Wave I amplitudes in the HP noise condition did not grow with level for young listeners. This response saturation for wave I was observed by Eggermont and Don (1980) at low-frequency derived bands, but its origins are unclear. This saturation effect may have limited our ability to observe age-related decreases at high stimulus levels. Some neurophysiological evidence suggests that only H-SR and M-SR fibers contribute to ABR wave I, while L-SR fibers do not because of the variability of their first-spike latency (Bourien et al., 2014). Thus, a possible explanation for the fact that wave I responses did not grow with level for young listeners is that the 80 dB ppeSPL stimulus was sufficiently intense to saturate H-SR and M-SR fibers generating the response. However, the hypothesis that the same population of saturated fibers was responding to the low and high level stimuli does not fit with the observed greater age-related wave I reduction at the low stimulus level. Given that age-related wave I reductions were greater at the low stimulus level, either the population of fibers generating the response was different (e.g. fibers with different spontaneous rates, or fibers responding to different cochlear places), or the response of the same population of fibers was modulated by level.
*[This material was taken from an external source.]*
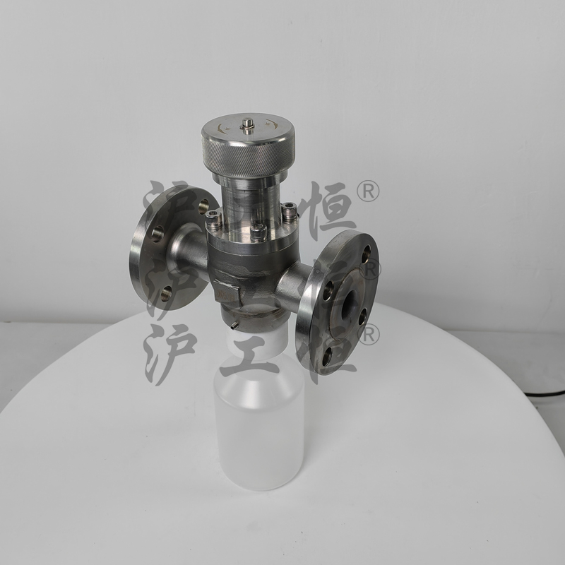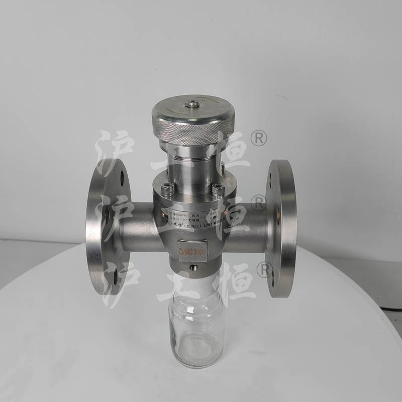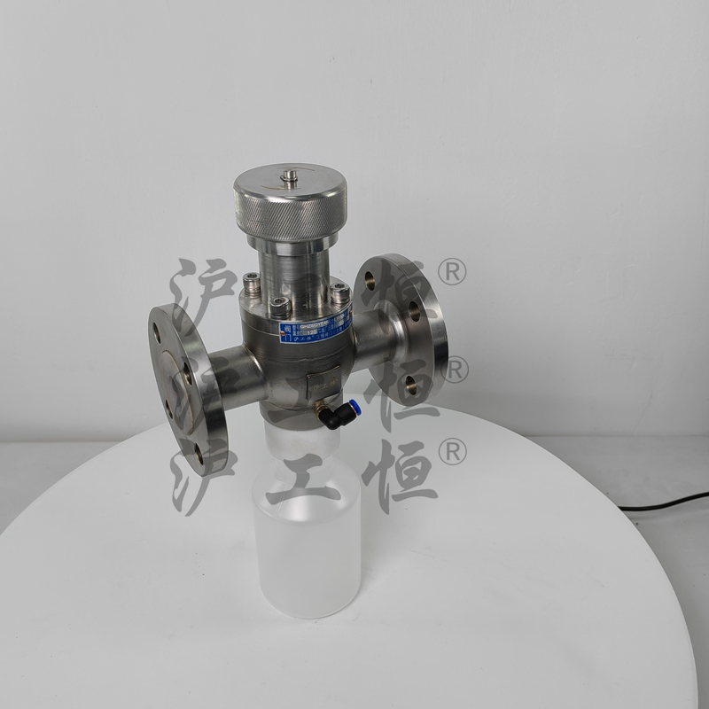 GHZSQYF46襯氟取樣閥解決了現有取樣閥的復雜結構,保溫帶吹掃口取樣閥主要有閥體、保溫殼、閥芯、閥桿、閥座、取樣瓶組成,取樣瓶為可拆卸設計,試樣進入取樣瓶內,可將取樣瓶密封,避免污染試樣,流道無流阻設計,不影響流量,閥體保溫可接入蒸汽或導熱油保溫,可避免介質因低溫凝固,閥桿通過手輪、電動執行機構、氣動執行機構旋轉帶動閥桿及閥芯,閥芯上下提拉,可精確控制流量,實現試樣進入取樣瓶內,取樣瓶可選透明和避光兩種,本取樣閥廣泛應用在制藥、化工、食品行業。

The reason for the greater age-related reduction of wave I at low than at high stimulus levels in HP noise is unclear. A selective age-related deficit of H-SR fibers seems contrary to the neurophysiological evidence of greater susceptibility of L/M-SR fibers to CS documented by neurophysiological studies in non-human animals, and thus unlikely, although it cannot be excluded. Although a selective age-related deficit of H-SR fibers would predict greater age-related wave I reductions at low than at high stimulus levels, it would predict some age-related wave I reductions at high stimulus levels. Our results do not provide supporting evidence for such reductions at high stimulus levels, but they are not inconsistent with them because the CIs are compatible with the presence of age-related reductions at high stimulus levels of up to ~ 10% per age decade.
An alternative explanation for the greater age-related wave I reduction at low than high stimulus levels is that the responses at the two levels were partly originating from different cochlear places within the low-frequency band where the response was restricted. Eggermont and Don (1980) found that the relative contribution that different 1-octave frequency bands make to the unmasked wave I response is level dependent. At high levels the contributions of high-frequency bands become larger than those of low-frequency bands. This effect is more obvious when comparing a 0.5-kHz to a 4-kHz (or higher) band, but smaller level-dependent effects are already apparent when comparing an 0.5-kHz to a 2-kHz band. Hence, given that the click used in the current study spanned a relatively wide region (bandpass cutoffs: 0.35–3 kHz), it is possible that the age effect found at the low level reflects greater sensorineural deficits at more apical cochlear sites. However, it is not clear why sensorineural deficits would be greater at more apical sites. Future studies using the subtraction technique of responses high-pass masked at different cutoffs to isolate responses within more restricted regions (Don and Eggermont, 1978) could shed light on this issue.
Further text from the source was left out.